Autocratic as he undoubtedly was, he
had
come to her rescue at the expense of his own comfort, and she appreciated that.

“Is your telephone working?” Her teeth chattered. She could not stop shivering. The faint warmth generated by her contact with his body and the greater warmth of the house did nothing to ease her bone-deep chill. Despite her physical discomfort, though, the situation she had left behind at Whistledown required immediate attention. “You need to call the fire department. And the police as well. Neely and I smelled smoke, and—and there was someone in the house.”

“So your sister said when she came banging on the door.” Welch sounded unimpressed as he turned into a doorway at the end of the hall, crossed a bedroom, and entered a white-tiled bathroom. By the light of the bobbing flashlight she saw that it was compact, with utilitarian fixtures and a large, glass-enclosed shower stall instead of a tub. “Okay, hold on. I’m going to put you down.”

He set her on her feet again, keeping a careful arm around her waist as he put the flashlight down on the back of the toilet tank, positioning it next to a box of tissues so that it wouldn’t roll. Thus situated, the small light provided an adequate degree of illumination, although the corners of the room and the ceiling remained shadowy and dark. Water dripped with an audible patter from her body and his to form a muddy puddle on the floor. He was dressed in the same red and gray plaid shirt he had worn earlier, plus jeans and boots, she saw. All were soaked, and his shirt and boots were caked with mud. She was in an equally sorry state. Long streaks of mud discolored her nightgown and smeared her arms and probably her face as well. Her shoes were mud-caked too. The nightgown itself was plastered against her breasts and stomach and wrapped around her legs, revealing every intimate detail of her slender body: her B-cup breasts with their cold-hardened nipples, her belly button, the dark triangle between her thighs. Mortified by her near nakedness, she instinctively turned away to keep him from getting a full frontal view.

“Steady, now,” he said, for all the world as if she were a fidgety horse. His hand rode her hipbone as she moved. It was a big hand, long fingered and warm enough now to be felt through the almost nonexistent barrier of the wet silk. His fingertips dug lightly into her flesh.

“I’m okay.” But she wasn’t. Moving so quickly had been a mistake, she discovered. She felt dizzy and sick, and her knees threatened to give way. She staggered slightly as she took another step away from him. His arm contracted, reeling her in like a fish, pulling her against him. Head spinning, giving up the effort to stand alone for the moment, she subsided once more against his wide chest.

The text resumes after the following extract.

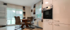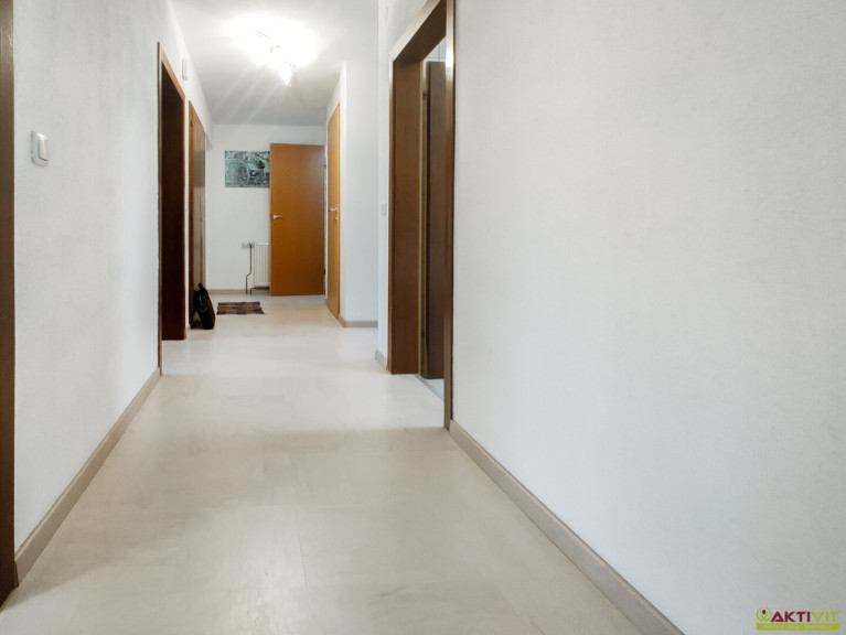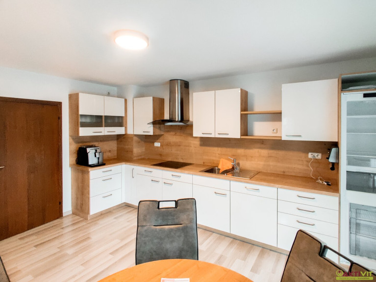 Die Böden bestehen aus Fliesen und Laminat. Die Einbauküchen sowie die Badezimmerausstattung sind im Kaufpreis inbegriffen. Beheizt wird das Objekt über eine zentrale Pelletsheizung. Das Haus ist voll unterkellert, die Kellerfläche beträgt ca. 40,4 m². Zusätzlich stehen eine Garage und vier Außenstellplätze zur Verfügung.

“Looks like it.” His voice was dry. Holding her securely against him with one arm, he reached out with the other to turn on the taps of the shower.

“You need to call the fire department,” Alex insisted into his shirt-front. His body heat was reasserting itself even through his clammy clothes, and she pressed close instinctively while convulsive shivers continued to rack her body. The promise implicit in the rushing hot water no more than inches away was tantalizing. “And the police.”